A novel colorimetric immunoassay based on enzyme-regulated instant generation of Turnbull's blue for the sensitive determination of ochratoxin A

Abstract

The aim of this study was to develop a novel colorimetric sensing method based on enzyme-regulated instant generation of Turnbull's blue, serving as a chromogenic agent, for a sensitive immunoassay for the determination of ochratoxin A (OTA). Unlike the traditional enzyme-linked immunosorbent assay (ELISA), the chromogenic reaction reported herein relies on the immediate formation of Turnbull's blue. K₃[Fe(CN)₆] rapidly forms a coordinate bond with iron(II), yielding a blue product. Meanwhile, glucose oxidase (GOx) catalyzes glucose hydrolysis to produce hydrogen peroxide (H₂O₂), which was used to inhibit the formation of Turnbull's blue by oxidizing iron(II) to iron(III).

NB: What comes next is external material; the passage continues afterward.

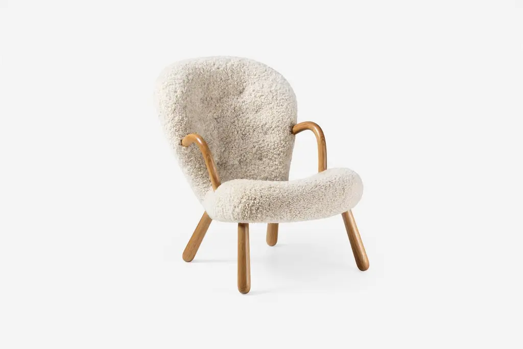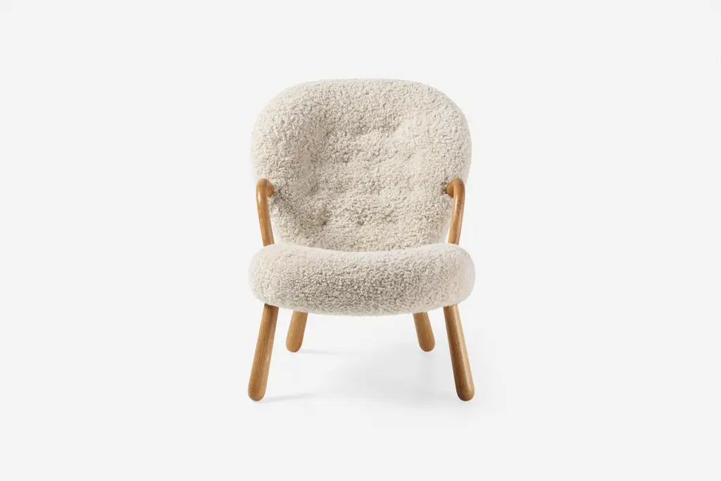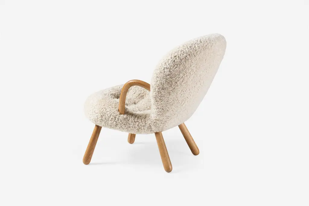 Official Re-Edition of the iconic Clam Chair & Stool by Arnold Madsen.The Clam Chair was designed in 1944 in Copenhagen by Danish upholsterer Arnold Madsen. In 1945 Arnold founded the furniture company Madsen & Schubell together with cabinetmaker Henry Schubell in order to produce this unique chair that became known in Danish as the: 'Muslingstol' (Clam Chair), due to its unique shape. This new edition has been crafted using a blend of traditional joinery techniques and modern technology, resulting in an authentic product of the highest quality. Dagmar is proud to re-launch this icon of the Danish Modern movement in collaboration with the estate of Arnold Madsen. The Clam Chair is available in a wide range of upholstery and wood finishes. Example Shown: Moonlight Sheepskin + Oiled Oak. Height: 82cm (32.3”)Depth: 80cm (31.5”)Width: 65cm (25.6”)Seat Height: 42cm (16.5")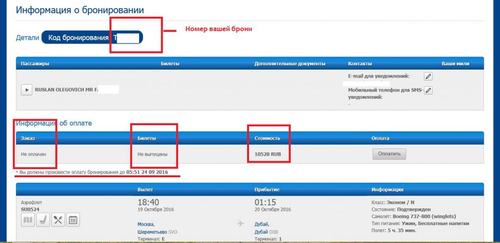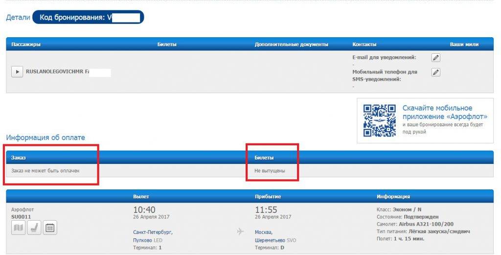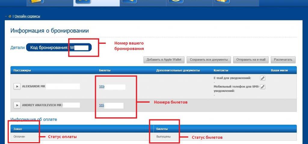 На странице “Информация о бронировании” отображаются данные о всех пассажирах в брони, номера авиабилетов (у Аэрофлота начинаются с 555), статусе заказа (оплачен/не оплачен), статусах авиабилетов (выпущен/не выпущен).

Thus, Turnbull's blue was generated in an enzyme-regulated manner. Accordingly, a competitive-type colorimetric enzyme immunoassay was established using a GOx based nanolabel. Under optimal conditions, the absorbance increased upon increasing the target OTA concentration in the range of 0.01–10 ng mL⁻¹ with a detection limit of 8.3 pg mL⁻¹ estimated at the 3S_blank level. The assay accuracy was validated by analyzing spiked wine samples. The present results potentially provide novel insights into the development of Turnbull's blue-based biological detection methods and colorimetric immunoassay strategies.